They're looking at only one or two pages and we want
them to see the content as soon as possible and interact with
it as soon as possible. Remix comes from the minds behind
react router, which is the gold standard for building a react
app, and remix is actually a company.
It's staffed by full time engineers. Earlier this year
they were acquired by Shopify, and so they have a lot of attention and resources
driving this framework. So let's go ahead and dive in
and create a remix app. A really easy way to get
started with Remix is to use MPX create Remix. You give it
a directory and you can also pass it a template and
it will create a new application for you using that template. There's over 100
templates in the community and this case we're just using the basic
default template, but we can go ahead and open
vs code to that folder and
as we go in we can run NPX,
run dev, and that will create a server for us.
It will add a hot module reloading and as we visit
this new application we get a welcome screen.
This is defined in the routes folder as
underscore index that represents the slash route
or the root route. And in here we're
going to go ahead and create a new page and it's
going to be shop and so we create
a file inside of the routes folder called Shop TSX.
With that all we have to do is define a component and
whatever's in that component will get rendered at that URL. In this case
we're just creating a header so that we can see and demonstrate
that we've got this route working.
And then the second thing we're going to do is we want to create
a page inside of this shell. So down
below the header we're going to create the list of shopping items
and allow us to add things to the list and to
put things in our cart and to delete them and to
just have this shopping cart kind of application.
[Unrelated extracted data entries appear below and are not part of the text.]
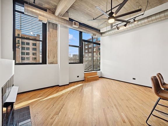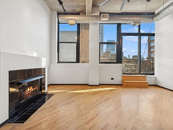 Rarely available West Loop 1 bed, 1bath loft in the famous Olympia Lofts! This sun-drenched condo features 12' concrete ceilings, open concept floor plan, gas burning fireplace, city facing windows and a large trex decking balcony. Newly updated kitchen featuring waterfall island, mini wine fridge, brand new stainless steel whirlpool refrigerator and GE dishwasher. Other home upgrades include reconditioned wood floors throughout, new light fixtures, new ceiling fans, fully serviced HVAC, newer washer/dryer. Down the hall, you'll find a spacious bedroom suitable for a king size bed and additional room for desk or vanity. This tech integrated home includes smart lights, smart dead-bolt with fingerprint code, Ecobee Smart Thermostat, fan regulation and home security all included with Google HomeKit integration. Heated garage parking and storage cage included. Steps to Mary Bartelme and Skinner Park, Whole Foods, Mariano's, Greektown, Randolph & Fulton Restaurants & all the West Loop has to offer!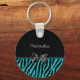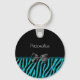 En söt och trendig zebra tryck-nyckelkedja med modern svart och teal zebra ränder och förskönad med ett tryckt gigantiskt svart band. Anpassa genom att lägga till ditt namn till den här chicen, svart och turkosa kvinnors design. Perfekt för snyggtens modeonista i vilken tonåring flicka som helst!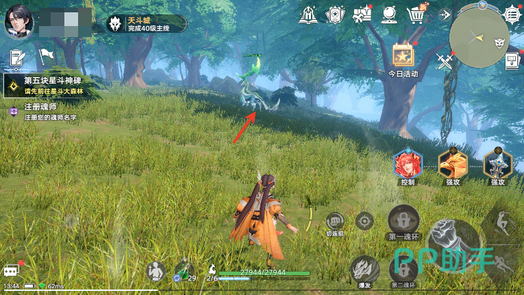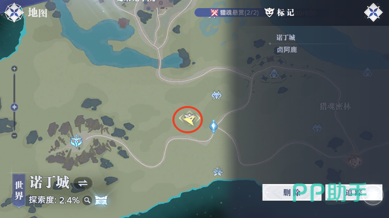 第一只是在诺丁城地图左下角,如图所示“密林西部”传送点的左侧,给大家画了一个标记,追踪这个标记的方向就能找到这只鹿了,体型很大的绿色鹿,在树林里还是能轻松发现的,击杀掉卤阿鹿之后会掉落3张武魂觉醒券。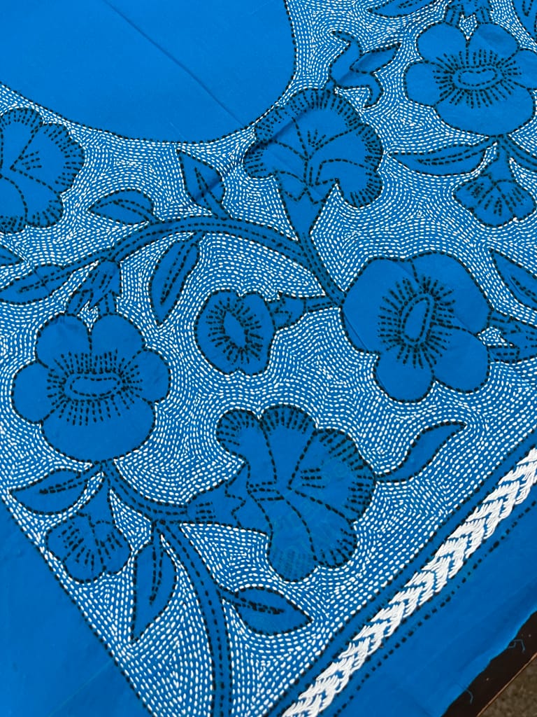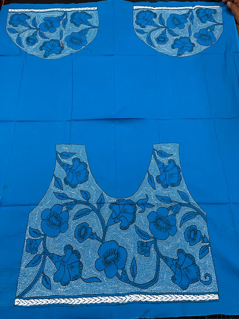 Kanthawork Blouse Piece is Purely Hand-Embroidered on the Back Neck and Sleeves Portion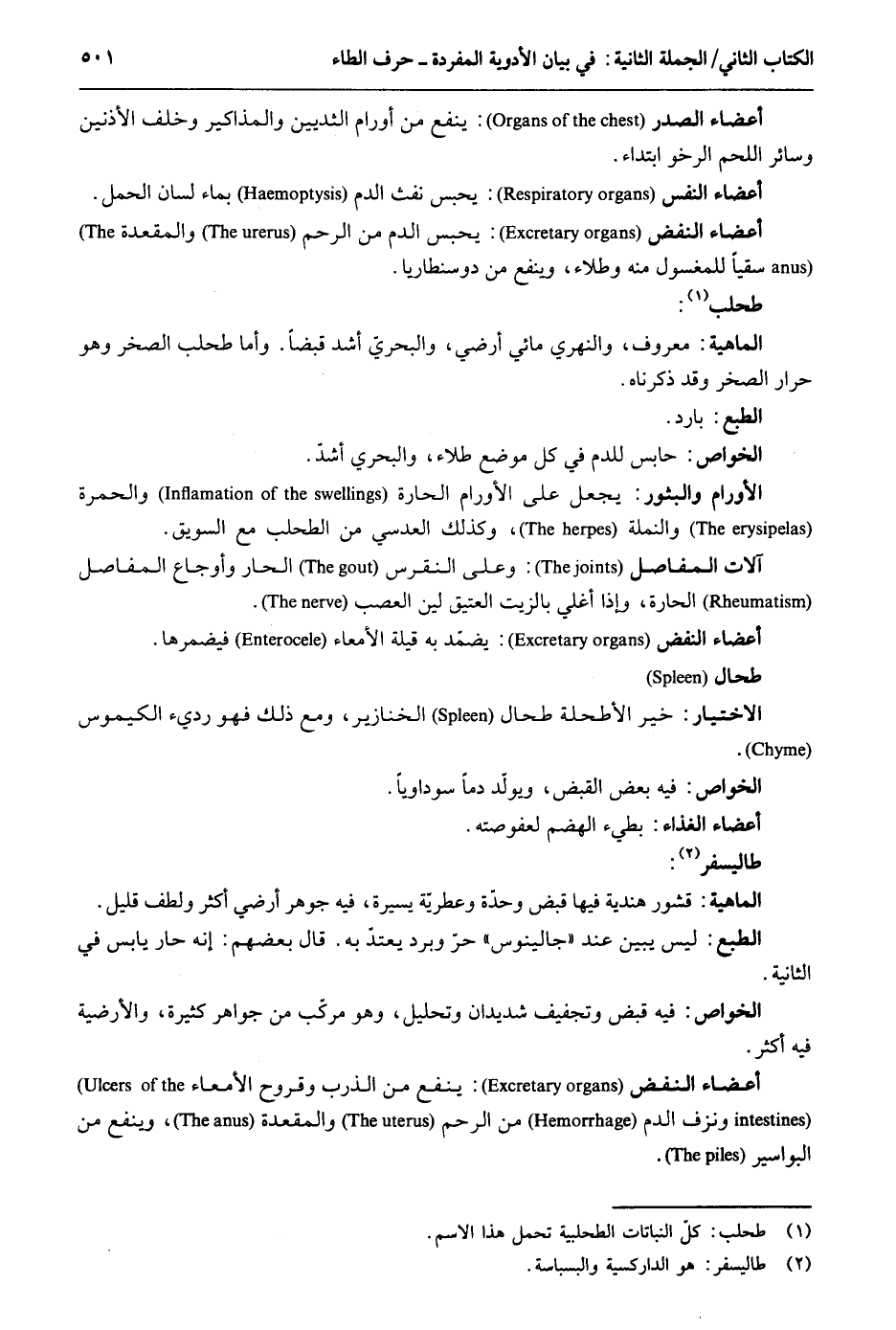 أَعْضَاء الصَّدْر: ينفع من أورام الثديين والمذاكير وَخلف الْأُذُنَيْنِ وَسَائِر اللَّحْم الرخو ابْتِدَاء. أعضاءالنفس: يحبس نفث الدَّم بِمَاء لِسَان الْحمل. أَعْضَاء النفض: يحبس الدَّم من الرَّحِم والمقعدة سقيا للمغسول مِنْهُ وطلاء وينفع من دوسنطاريا. طحلب. الْمَاهِيّة: مَعْرُوف والنهري مائي أرضي والبحري أَشد قبضا. وَأما طحلب الصخر وَهُوَ حرار الصخر وَقد ذَكرْنَاهُ. الطَّبْع: بَارِد. الْخَواص: حَابِس للدم فِي كل مَوضِع طلاء والبحري أَشد. الأورام والبثور: يَجْعَل على الأورام الحارة والحمرة والنملة وَكَذَلِكَ العدسي من الطحلب مَعَ السويق. آلَات المفاصل: وعَلى النقرس الْحَار وأوجاع المفاصل الحارة وَإِذا أغلي بالزيت الْعَتِيق لين العصب. أَعْضَاء النفض: يضمد بِهِ قيلة الأمعاء فيضمرها. طحال. . الِاخْتِيَار: خير الأطحلة طحال الْخَنَازِير وَمَعَ ذَلِك فَهُوَ رَدِيء الكيموس. الْخَواص: فِيهِ بعض الْقَبْض ويولّد دَمًا سوداوياً. أَعْضَاء الْغذَاء: بطيء الهضم لعفوصته. طاليسفر. الْمَاهِيّة: قشور هندية فِيهَا قبض وحدة وعطريّة يسيرَة فِيهِ جوهو أرضي أَكثر ولطف قَلِيل. س الطَّبْع. لَيْسَ يبين عِنْد جالينوس حر وَبرد يعْتد بِهِ. قَالَ بَعضهم: إِنَّه حَار يَابِس فِي الثَّانِيَة. الْخَواص: فِيهِ قبض وتجفيف شديدان وَتَحْلِيل وَهُوَ مركّب من جَوَاهِر كَثِيرَة والأرضية فِيهِ أَكثر. أَعْضَاء النفض: ينفع من الذرب وقروح الأمعاء ونزف الدَّم من الرَّحِم والمقعدة وينفع من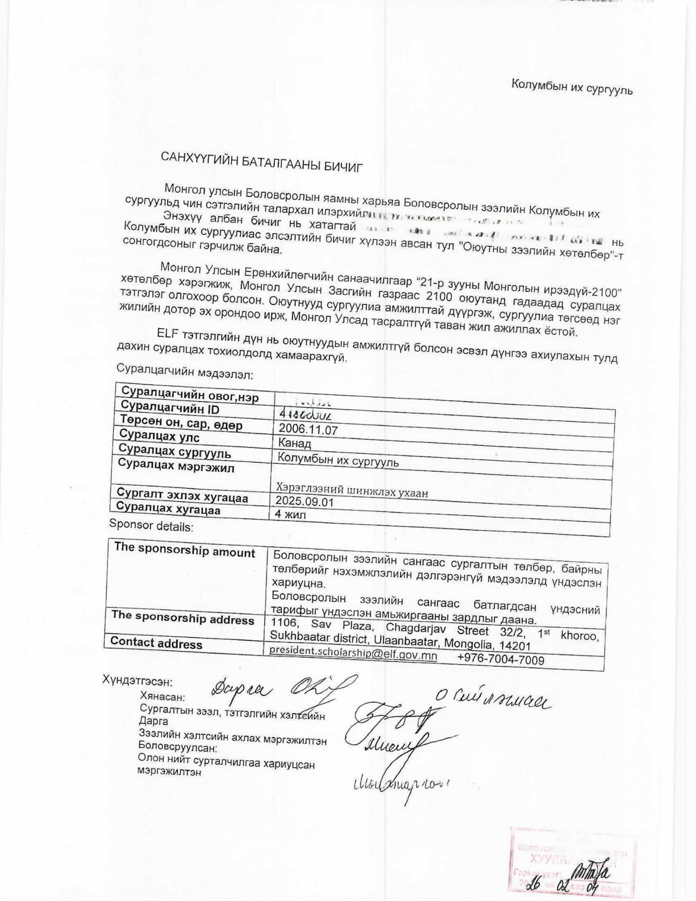 Энэхүү санхүүжилтийн баталгааны бичиг нь тухайн суралцагчдыг албан бичигт дурдагдсан их сургуульд суралцах хугацаанд холбогдох зардлыг даахыг баталгаажуулах зорилготой юм. (Илгээлт 2100 хөтөлбөр, Боловсролын зээлийн сангийн зээлээр суралцах бичгийг хавсаргав.)

So we're creating this outlet
and inside the outlet we want to render a child
page which is shop items TSX.
So we put that in the routes folder. And now whatever
we return here from this component will be
put and rendered at shopitems.
So we'll go ahead and create just a hello world page so
we can see that it's working. And then
let's go ahead and load some
items in. So we don't have a database but we're going to go ahead and
just load items from memory. Here we're
going to use this function called JSon. It's a remix function that
just creates a response object with
content type JSon. And this case we're passing
it in one piece of data, which is items. And instead of
items getting from the database like we might normally here,
we're just going to define some in memory here that will sit
with the server. The id is just the
new date. So normally that would be an id from the database, the name of
the item, and then we're going to say that it's not in the cart yet,
we've just put it on our list. And these need
to code into our items component. And the way we pull them in is by
using this function, use loader data. So one thing
that's nice about use loader data is that you can use
type of loader to tell typescript what data is going to
come in. So we know that
the items have the shape defined in line
four and those items come out of
the loader function using the JSON function.
And so when we tell typescript to
use the type of loader, then in our items component here
we actually get a list of items and we know exactly what types
they are. And so we get that nice transition of types between
server and client without having to do any extra steps
or define any schemas
or sharing and defining
lots of types. So we're just going to go ahead and print out
the items using a pre so that we can see them come in.
And then we're going to make a way to create an item.
And with that all we're going to do is create a form.
The form is going to have one thing which is an input for
the name and then a submit button. So we can go ahead and see
in here. If we add something and click add item, we've got
a 405 because we don't have any way
to handle that post yet. The way to handle that post is just an export
function action. And the action basically will
respond to any posts or other verbs,
other methods. And in this case we are reading the
form data object. So because it's a form post,
it's sending a form serialized in the normal
browser, HTML form serialization, and we can
pull that data out has a form data object by awaiting
request form data. We're going
to pull out the name from the form data which is the name of the
item. And we can do that by just calling get name
and we should have a string representing the name
of the item. And we don't have a
database here. But again, we're just going to add the new item with
an id, a name and represent that it's not
in the cart neither. So as we do that and we refresh,
we can see, oh shoot, it still doesn't work.
What do we need to do for the action? Well, it says you have to
return something from the action. So in this case we don't
really need any success messages or additional data
sent back to the user. We just return null. And whenever
we do this remix is automatically calling
the loader again to get the new data. And so if we type
in a new item and click add item, the way it gets added
is that it's going to go into the action,
push the item and then it'll go into the loader and load
the item and rerender the component with the new items.
You'll see here. One of the problems is that the
text stays in the text box. We'd love it
to clear out that text so we can add an item over and
over again without doing anything special. A really
simple way to do this is to force react to rerender the form
anytime the items or the number of items changes.
And so that will actually clear out our form anytime that
we type something in. One thing though, if we
type in and press enter, we're not going to be in the
input anymore. So all we have to do is do auto focus.
And now the browser will automatically keep focus into
that input as we add more items.
So let's go ahead and actually take the
items and display them in a reasonable way.
We're going to use an unordered list and each of the items will be
a list item. Here we're using the id
has something unique. Again, this might be an id from database
and then we're just going to print out the item name. So you
can see here we've got a nice unordered list with our items on
it and now we want to be
able to delete items off of our list. And so
one way we can do this is do a post
to shopitems and the item id.
And we're going to go ahead and display it inline just for this demo so
we can have the button next to each item.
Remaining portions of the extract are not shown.